• [EXERCISE OBJECTIVE] Return exactly the lines from the start of the records below through the line containing "倒入羊蝎子,大火翻炒均匀,看到羊蝎子沾满酱汁后", both ends included, and leave out the pictures.

• [MATERIAL FOR THIS EXERCISE]
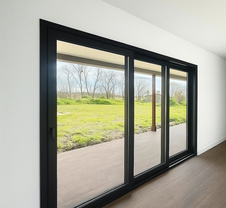 Ventana Corrediza Corredera Balconera 4000 x 2000 PVC Negro Jet Black Microtexturado con DVH 3+3/12/3+3
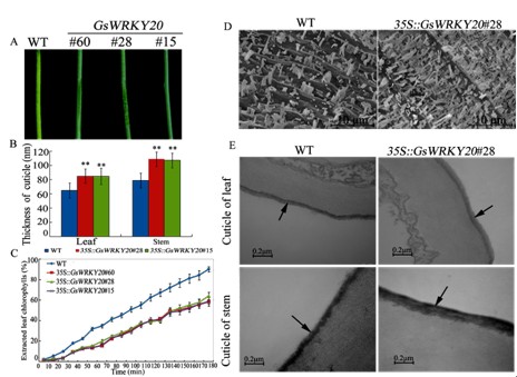 掃描電鏡與透射電鏡顯示GsWRKY20促進蠟質晶體合成,形成更厚角質層
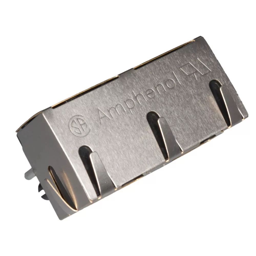 RJHSE538002 - RJ45 8-pólusú aljzat NYÁK-ba 2-portos árnyékolt - AMPHENOL
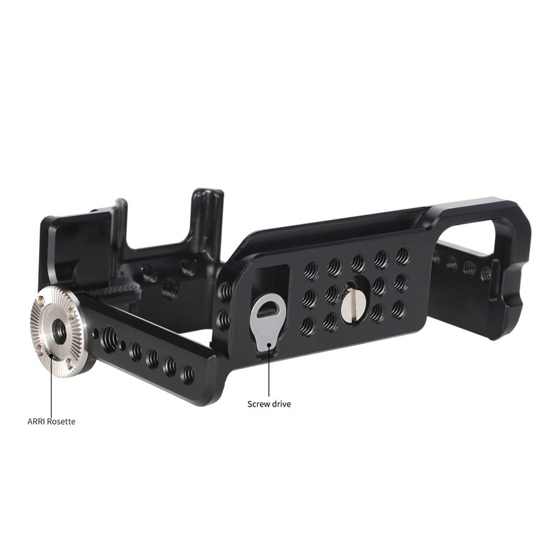- Features 3/8" holes, 1/4"-20 threaded holes and cold shoe mount on top for attaching handles, microphones, LED lights, monitors, etc.
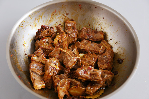 倒入羊蝎子,大火翻炒均匀,看到羊蝎子沾满酱汁后
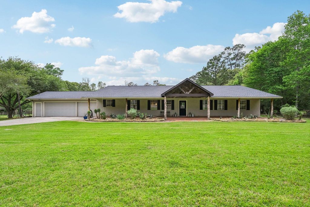 Beautiful acreage retreat in Stagecoach! Situated on 3.785 serene acres backing to a creek, this property spans 3 lots and offers privacy, space, and room for horses (previously accommodated). This 1-story home features 3 bedrooms (one currently used as a study), a flex room, dining area, and a spacious family room. Major updates include: new roof with transferable warranty (2025); full kitchen and living room remodel, primary bath remodel, whole home re-piped with PEX, and flooring upgraded (2021, ~$100K); sprinkler system installed (2018). LPG tank on site is currently rented. Enjoy outdoor living with large covered front and back patios. The property also includes horse stalls, a workshop (~600 sqft), and extra parking behind the garage. The oversized 3-car garage (~840 sqft) features drive-through doors and a half bath—perfect for projects or added flexibility. Low HOA ($50/yr), No MUD, automatic gated driveway, and private neighborhood lake access complete this unique offering.
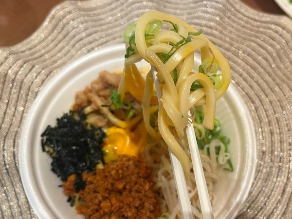 中太の中華麺に、醤油ベースのピリ辛専用ダレが絡んで、味は濃いめで、食べ応え抜群!麺がなくなったら、さらにご飯を足してもおいしかった~!
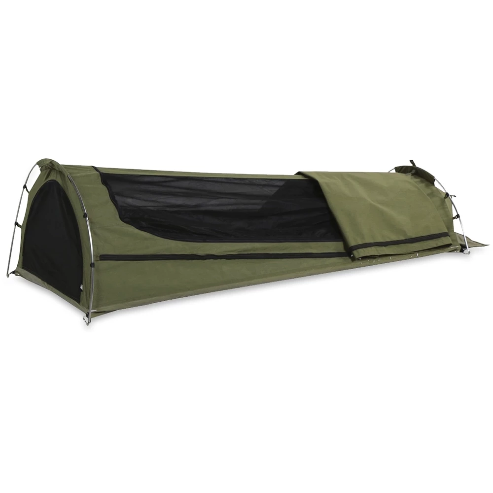 Made from durable 230gsm ripstop canvas, and a heavy-duty PVC vinyl base – you’ll be protected from what the elements throw at you in this shelter.  This swag has a 2 pole dome design that gives 55cm of generous head height, and high-quality Durallium 7001 alloy poles for structure.

• [EXERCISE RESPONSE]
 Ventana Corrediza Corredera Balconera 4000 x 2000 PVC Negro Jet Black Microtexturado con DVH 3+3/12/3+3
 掃描電鏡與透射電鏡顯示GsWRKY20促進蠟質晶體合成,形成更厚角質層
 RJHSE538002 - RJ45 8-pólusú aljzat NYÁK-ba 2-portos árnyékolt - AMPHENOL
- Features 3/8" holes, 1/4"-20 threaded holes and cold shoe mount on top for attaching handles, microphones, LED lights, monitors, etc.
 倒入羊蝎子,大火翻炒均匀,看到羊蝎子沾满酱汁后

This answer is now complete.